Имммон был явно обескуражен этим взрывом.
— Говорю же тебе, не стоило его приводить, — сказал он Гуль Алуф.
— Ему нужен отдых, — вздохнула Производительница, — бессрочный отдых.
— Нет, — повернулся Сахор, — я хочу, чтобы эти эксперименты прекратились здесь и сейчас. — Он опять приблизил свое лицо к Гуль Алуф. — Ты правда думаешь, что твои неуклюжие попытки совратить или запугать меня что-нибудь изменят?
— У нас твой отец, это правда, — сказал Нит Имммон.

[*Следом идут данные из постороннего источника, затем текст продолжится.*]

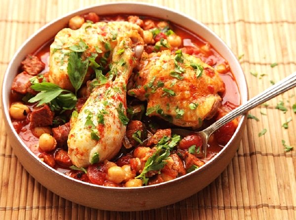صينية الدجاج بالحمص ، طبق سريع التحضير لفخذ الدجاج على الطريقة الإسبانية،و هي تشبه طريقة تحضير الدجاج في المغرب العربي بطريقة السلق والتتبيل بصلصة الطماطم ومرق الدجاج الذي يتم طهيه مع البصل والحمص والباذنجان، ليقدم الطبق بشكل ساخن مع نكهة الخل وزيت الزيتون والبقدونس على وجهه .
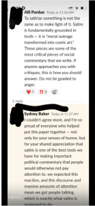 Butler finished her statement with a grammatically tangled flourish: “Real satire is witty criticism of the institutions and actors relevant in the news cycle, most effective when those oppressed by these systems are the authors.”

— Вы украли программу ДНК, которую я для него разработал, — заявил Сахор.
— Ты считался мертвым.
— Она так не думала.
В лаборатории повисла гнетущая тишина. Сахору хотелось, чтобы их троих смыло в океан или кипящую преисподнюю, где можно очиститься от в’орнновских грехов. Однако от этих страшных грехов так просто не избавишься. Может быть, что сделали в’орнны, вообще невозможно исправить, и все же Сахор хотел попытаться.
— Видишь, дорогой, — Гуль Алуф мягко и нерешительно коснулась руки Сахора, — именно поэтому я прекратила эксперименты. Из-за тебя. Я больше не могла выносить твое презрение. Ведь ты не одобрял то, что я делала.
— Как можно одобрить эксперименты над детьми-гибридами, зачатыми в результате в’орнновской похоти? — Гуль Алуф давила на бывшего техномага, заставляя говорить то, чего ему вовсе не хотелось. — Конечно, я презирал тебя!
— Я все остановила, — тихо проговорила Производительница, — потому что ты этого сделать не мог.
Нит Имммон снова откашлялся.
— Что касается Нита Эйнона…
— Мой отец мертв, — проговорил Сахор, не спуская глаз с Гуль Алуф.
— Я его знаю, — сказала Производительница, раскрывая крылья, — он совсем не это имеет в виду.
— Это всего лишь программа, — медленно и уверенно проговорил Сахор.
Гуль Алуф снова улыбалась, но самодовольная улыбка почему-то портила ее лицо.
— Следуя этой программе, я смогу воссоздать его в Нита молекула за молекулой. — Она улыбнулась еще шире. — Могу вернуть его таким, как раньше.
Сахор покачал головой.
— Ты что, ничего не понимаешь?
— А что тут понимать? — пожала плечами Гуль Алуф. — Тебе предлагается обычная сделка, не больше, не меньше.
— Ты бы слышала себя со стороны, — горько усмехнулся Сахор. — Сделка, в результате которой пострадают сотни невинных!
— Они полукровки, какое нам до них дело! — сказал Нит Имммон, забивая последний гвоздь в собственный гроб.